The case of Bussenius v. Warden, supra, and Snodgrass v.Errengy (Bell), supra, were again approved in Gottstein v. Kelly, 206 Cal. 742, 748 [276 P. 347].

In view of these cases it must be held that in granting affirmative relief to the respondent Newell and quieting title in him to the premises involved, the court erred and the judgment must be reversed. [2] It does not follow, however, that the plaintiff is entitled to a decree quieting title in him, without paying to the respondent all taxes, costs, penalties and expenses incurred in his attempt to secure title from the state to the premises involved in this action.
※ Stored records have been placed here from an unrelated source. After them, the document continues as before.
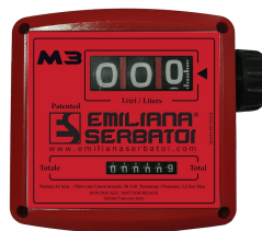
Contaltri meccanico per diesel K33

Attrezzature speciali sistemi erogazione.
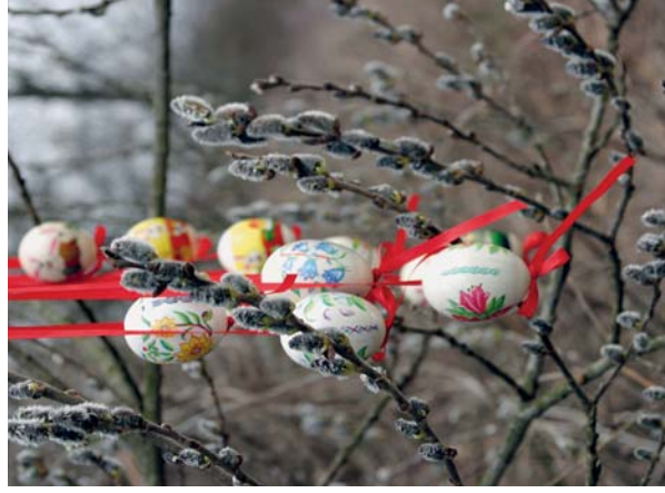
Symbolem Velikonoc jsou větvíčky jivy – „kočičky“. V evropské kultuře nahradily palimové ratolesti, kterými byl Ježíš při svém příjezdu do Jeruzaléma vítán. Na Velký pátek pomáhá vrbový proutek otevřít zemi i skálu a ukázat skryté poklady. A chcete-li mít zdravé a dlouhé vlasy, učes- te se tento den pod velkou vrbou

Pijte páni, pijte, jen se neopijte, a nám taky připijte, až já budu mládencem, připiju vám i s věncem.
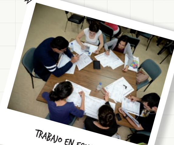
TRABAJO EN EQUIPO
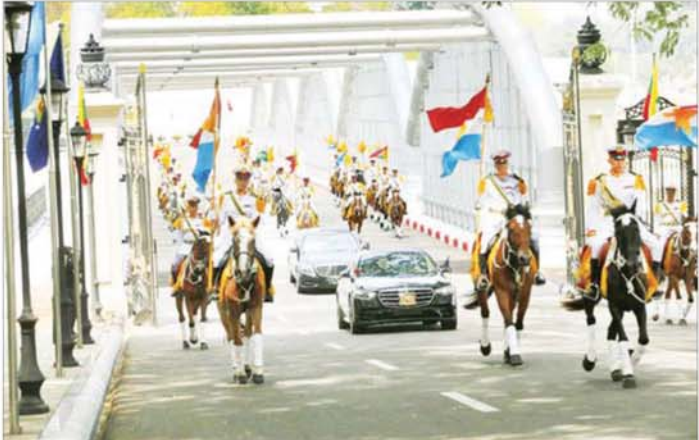
နိုင်ငံတော်သမ္မတ ဦးမင်းအောင်လှိုင် လိုက်ပါလာသည့် အထူးယာဉ်တန်း ဂုဏ်ပြုမြင်းစီးတပ်ဖွဲ့၏ ဦးဆောင်ကြိုဆိုမှုဖြင့် နိုင်ငံတော်သမ္မတ၏ ဧည့်ဆောင်တော်ရှိ ဂုဏ်ပြုဆောင်ခန်းမကြီးသို့ ရောက်ရှိလာစဉ်။
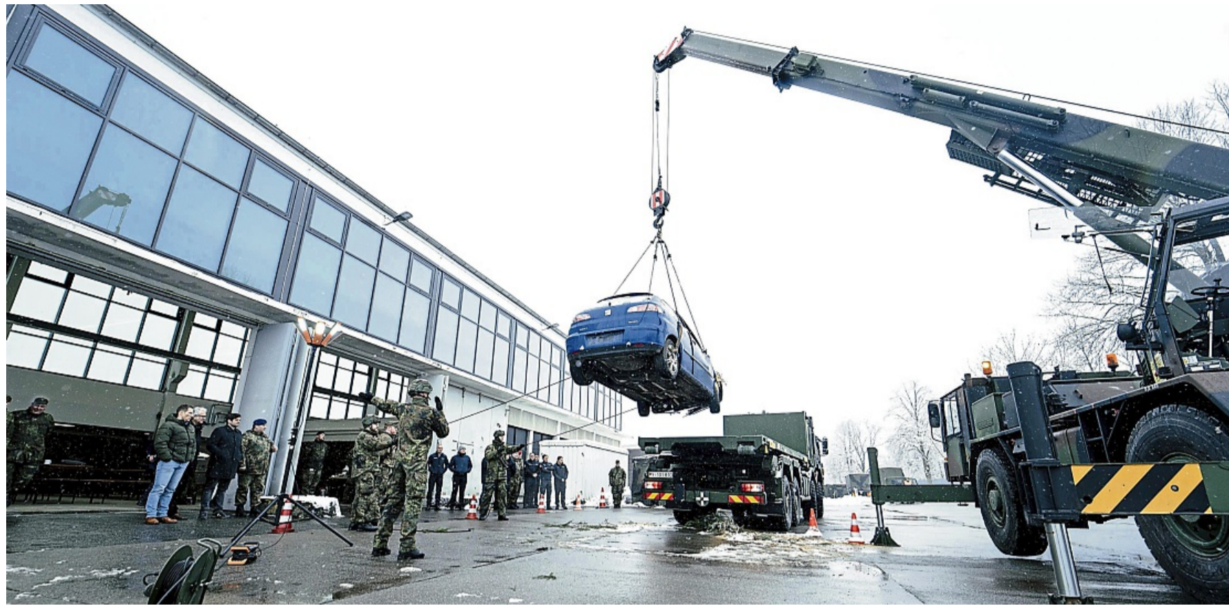
Feldkran im Einsatz: Beim Blaulichttag des Bataillons Elektronische Kampfführung wurde auch der Abtransport von Fahrzeugen demonstriert.

Nach einer Vortragsreihe und einem Mittagessen mit Erbsensuppe aus der Feldküche verfolgten die Teilnehmer den
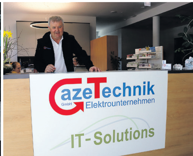
Der großzügige Empfangs- und Verkaufsraum.
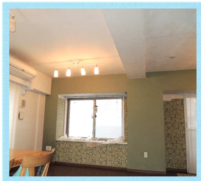
リビングの壁・天井に珪藻土を塗りました
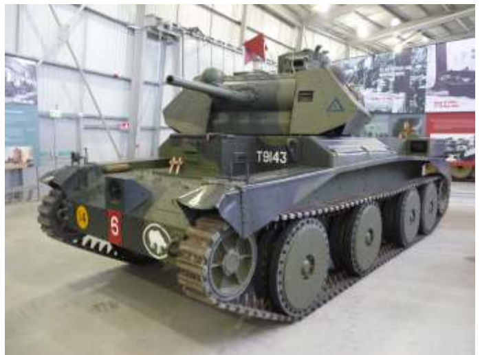
Een Cruiser Tank Mark III, A13 Mark I in het Tankmuseum, Bovington.

De eerste cruiser tank was een doorontwikkeling van de Medium Mark III, maar lichter en uitgerust met een commercieel verkrijgbare motor. Deze Cruiser Tank Mark I kreeg de aanduiding A9. Het ruim twaalf ton zware voertuig had als hoofdbewapening een tweeponder (40 mm) kanon en daarnaast mitrailleurs. Het had een topsnelheid van veertig km/u. De Mark I ging in 1937 in productie en er werden 125 stuks gebouwd, die van 1938 tot 1941 operationeel zijn ingezet. Zijn opvolger, de Mark II (A10), was twee ton zwaarder en – omdat hij over dezelfde motor beschikte – een stuk langzamer. De maximumsnelheid was slechts 26 km/u. Van deze tank werden 175 stuks geproduceerd. Het laatste type cruiser tank uit het interbellum was de vanaf 1938 geproduceerde Cruiser Tank Mark III. Om de verwarring over de diverse marks te vergroten kreeg hij van de Generale Staf de aanduiding A13 Mark I. Ondanks zijn hogere snelheid (48 km/u) was hij, evenals zijn voorgangers, niet opgewassen tegen de Duitse tanks. De productie bedroeg 65 stuks. Omdat hij onvoldoende gepantserd was, werd een verbeterde versie ontwikkeld, de Cruiser Tank Mark IV, A13 Mark II. Hiervan werden ruim 650 stuks geproduceerd. Ook deze cruiser tanks werden tot 1941 operationeel ingezet.
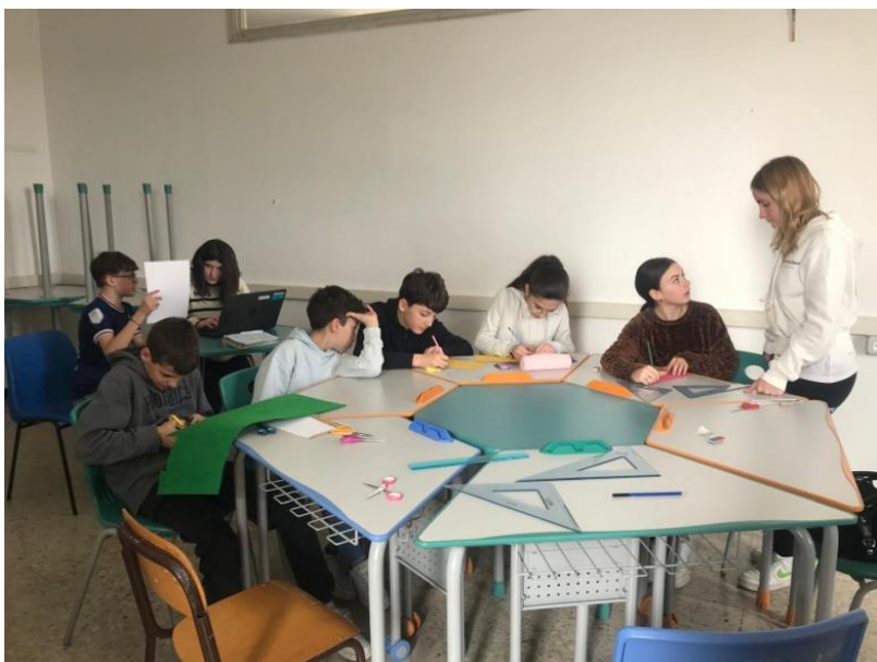
Istituto Comprensivo di Santa Maria della Versa_fase II
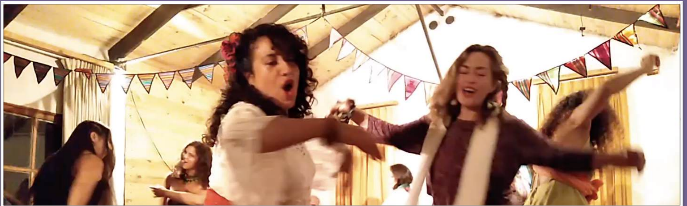
Presentación Taller Canto Libre 2020, Maule

Este taller ofrece por la noche un espacio para la exploración creativa de la voz y la corporalidad. Los participantes aprenderán técnicas de improvisación, experimentando tanto con diferentes sonidos, ritmos y melodías como la expresividad géstico-corporal en colectivo. Se trabajará el canto acompañado de un instrumento de percusión y se fortalecerá aspectos de audio-perceptiva y de coordinación de manera lúdica.
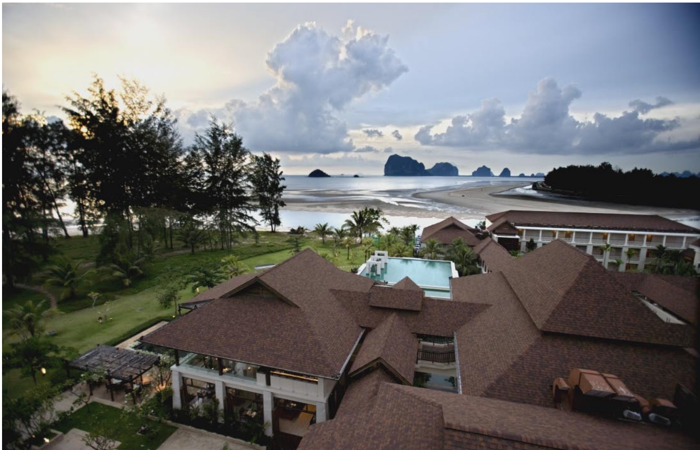
Amari Trang Beach Resort har inte bara drömläge, utan också gott rykte för sin miljö-satsning (ovan) och för exotiska Sivara Spa (höger).

► en gammal handvevad mangel som fortfarande används för att pressa det stelnade rågummit till hanterliga latexmattor, som sedan torkas på klädstreck innan de säljs till uppköparna.
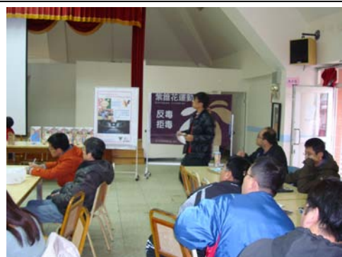
全校教職員工認真聽友善校園相關宣導
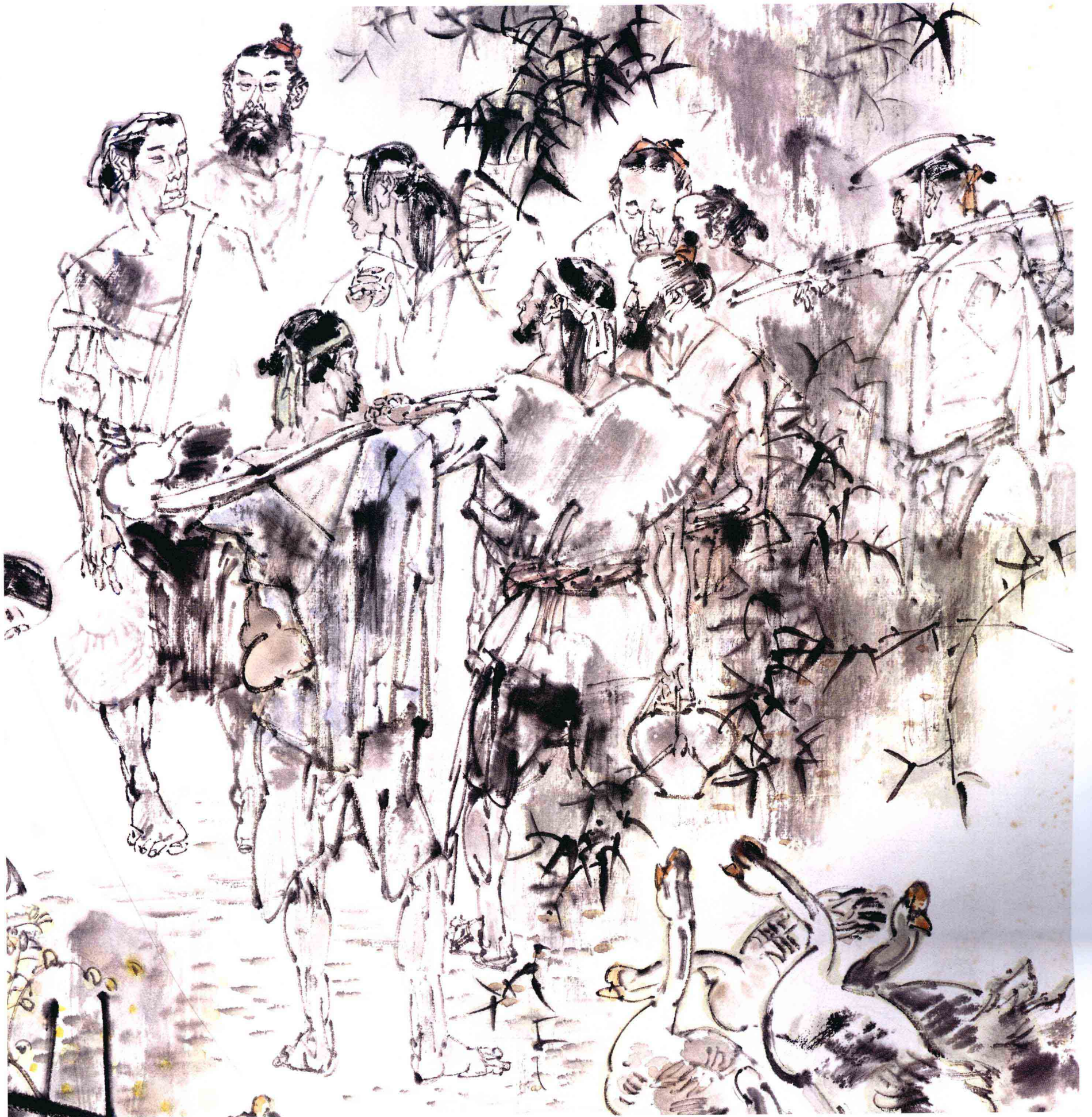
桃花源记 之四 (局部)
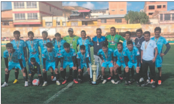
Felap consigue el segundo lugar y sube a Primera de Ascenso

En el tercer encuentro de la fecha, el representativo de Atlético Hermandad goleó por la cuenta
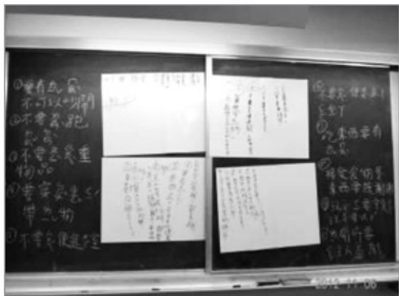
1. 各組討論檢核項目後，全班一起匯整
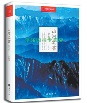
《山河之书》 余秋雨著 岳麓书社

合上《山河之书》,我不由心有所感,家国情怀,并非遥不可及的口号标语,它就植于我们每个人的岗位与生活中。无数小家的“和”,方能成就大家的“安”。多少平凡的坚守,为波澜壮阔的《山河之书》,增添温暖而有力的注脚。
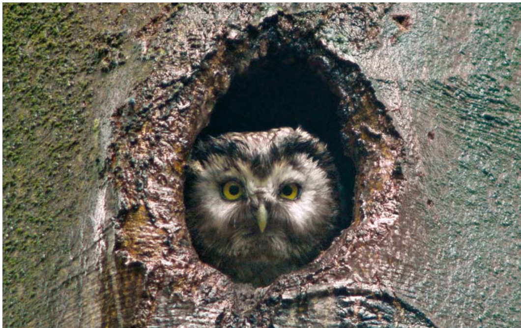
380 Ruigpootuil / Boreal Owl Aegolius funereus , adult, Schoonloo, Drenthe, 22 juni 2008. Dit exemplaar was sterk aan het nesthol (nest 2) gebonden.
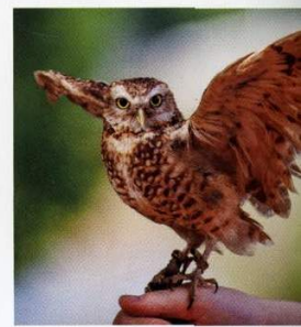
ZVÍŘÁTKA & PACIENT Návštěva záchrané stanice
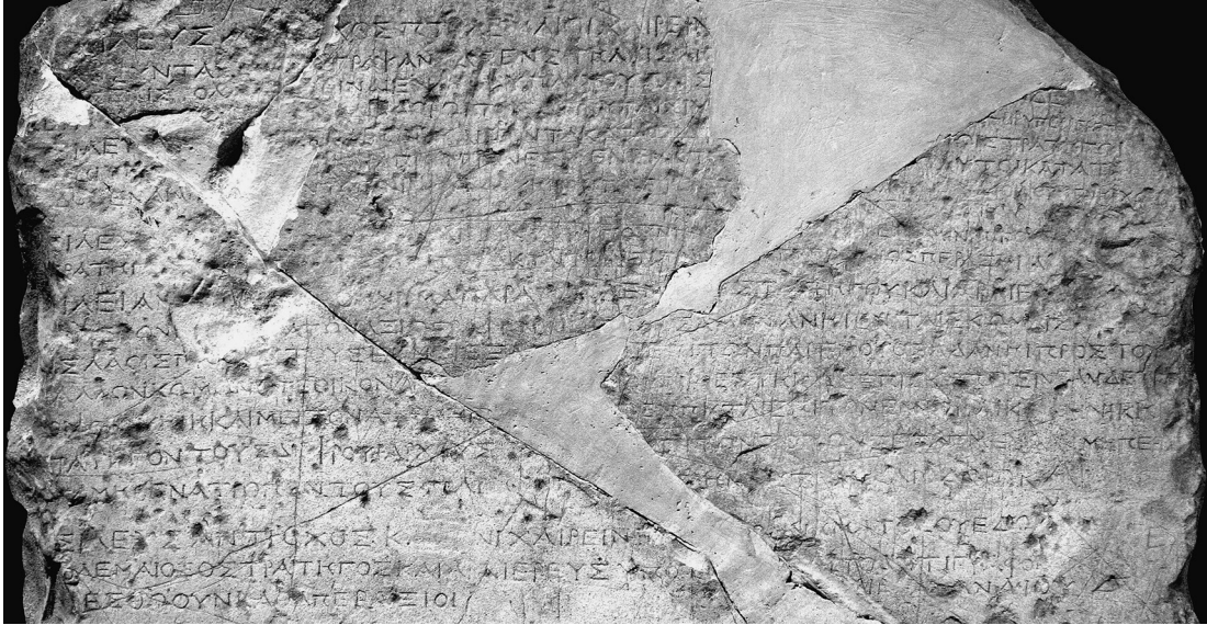
Figure 1 : stèle d’Hefzibah (l. 1-20). Collection The Israel Antiquities Authority. Photo © The Israel Museum, Jerusalem, by Vladimir Naikhin.
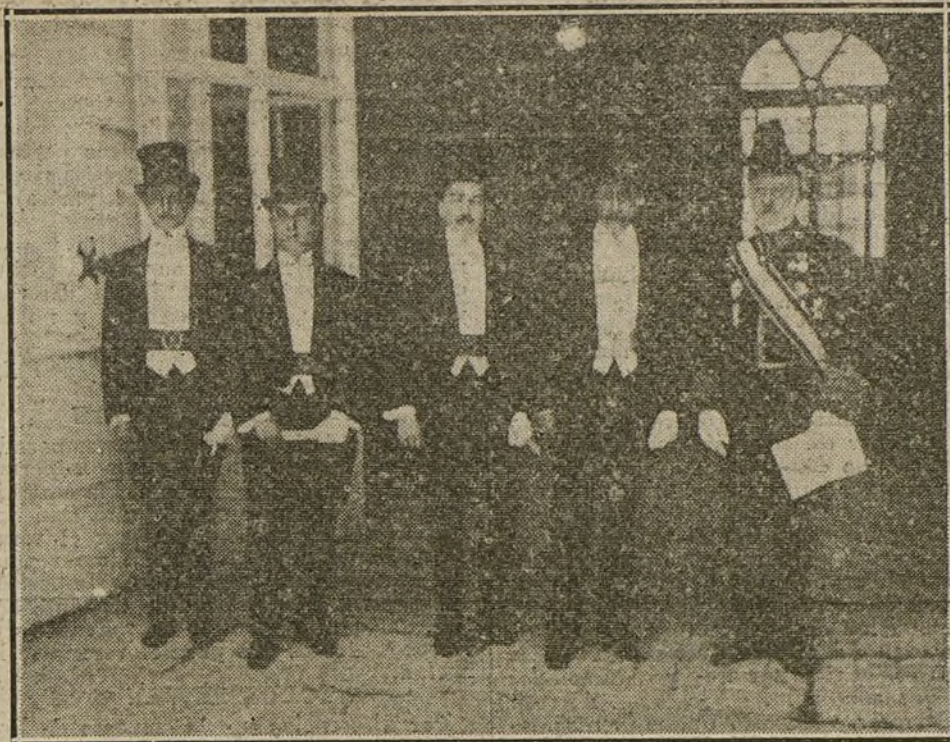
El nuevo ministro de Méjico en España, con los demás miembros de la Legación, al salir de presentar sus credenciales a S. M. el Rey. Les acompaña el introductor de embajadores Sr. Heredia.

El ministro de Instrucción pública recordó que en una institución creada

Following the provisions of subdivision 5 of section 3898 of the Political Code, and the decision of this court in the case ofSawyer v. Berkeley Securities Co., 99 Cal.App. 545 [279 P. 217], it is ordered that the judgment herein be reversed and the cause remanded to the trial court with directions to proceed and fix the amount that should be paid by the appellants to the respondent for and on account of taxes, costs, penalties, etc., just referred to, and then to enter judgment quieting the title of the plaintiffs as prayed for, contingent upon first depositing in court to the credit of the respondent the amount of the taxes, penalties and costs expended by the respondent, less the rents, issues and profits, if any, of the premises received since the eighth day of August, 1922.